### STORED DATA
::::::::::
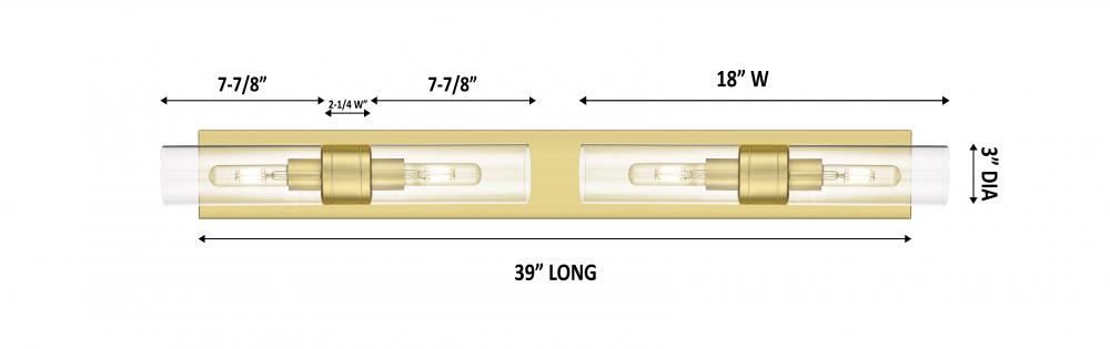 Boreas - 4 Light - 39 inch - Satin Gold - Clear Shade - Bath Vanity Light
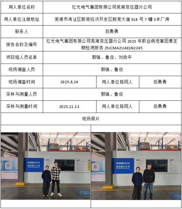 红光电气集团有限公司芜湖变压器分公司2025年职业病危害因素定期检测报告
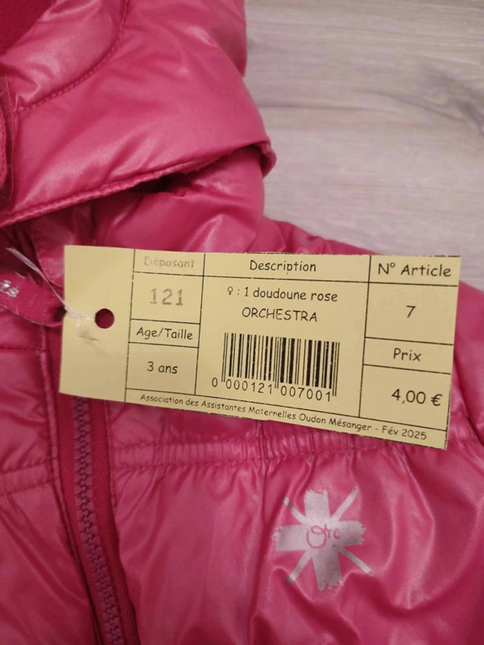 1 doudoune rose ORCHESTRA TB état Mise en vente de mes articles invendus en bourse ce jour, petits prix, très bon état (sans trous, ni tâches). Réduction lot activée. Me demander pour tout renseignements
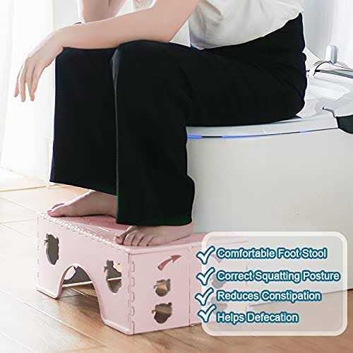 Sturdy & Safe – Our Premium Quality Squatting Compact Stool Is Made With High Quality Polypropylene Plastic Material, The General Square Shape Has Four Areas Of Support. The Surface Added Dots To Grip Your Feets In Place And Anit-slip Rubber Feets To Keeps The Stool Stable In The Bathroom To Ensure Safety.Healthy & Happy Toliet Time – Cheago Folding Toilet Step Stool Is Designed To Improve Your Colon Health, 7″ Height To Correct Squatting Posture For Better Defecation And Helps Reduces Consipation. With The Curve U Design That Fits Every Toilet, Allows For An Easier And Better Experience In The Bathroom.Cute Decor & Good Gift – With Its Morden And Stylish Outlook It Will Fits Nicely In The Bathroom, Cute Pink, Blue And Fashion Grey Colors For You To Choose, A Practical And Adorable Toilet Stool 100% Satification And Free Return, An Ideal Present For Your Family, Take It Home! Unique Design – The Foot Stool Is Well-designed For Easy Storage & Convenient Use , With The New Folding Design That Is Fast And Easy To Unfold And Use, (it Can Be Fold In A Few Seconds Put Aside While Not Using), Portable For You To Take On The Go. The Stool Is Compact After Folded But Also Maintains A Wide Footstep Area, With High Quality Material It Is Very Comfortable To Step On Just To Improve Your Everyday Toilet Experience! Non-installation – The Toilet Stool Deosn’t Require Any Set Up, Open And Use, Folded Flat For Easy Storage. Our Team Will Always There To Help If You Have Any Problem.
::::::::::
### REQUIREMENT
In the listing above, find the line containing "红光电气集团有限公司芜湖变压器分公司2025年职业病危害因素定期检测报告" and the line containing "1 doudoune rose". Reproduce those lines and all between them exactly, with no pictures and nothing more.

### EXPECTED OUTPUT
 红光电气集团有限公司芜湖变压器分公司2025年职业病危害因素定期检测报告
 1 doudoune rose ORCHESTRA TB état Mise en vente de mes articles invendus en bourse ce jour, petits prix, très bon état (sans trous, ni tâches). Réduction lot activée. Me demander pour tout renseignements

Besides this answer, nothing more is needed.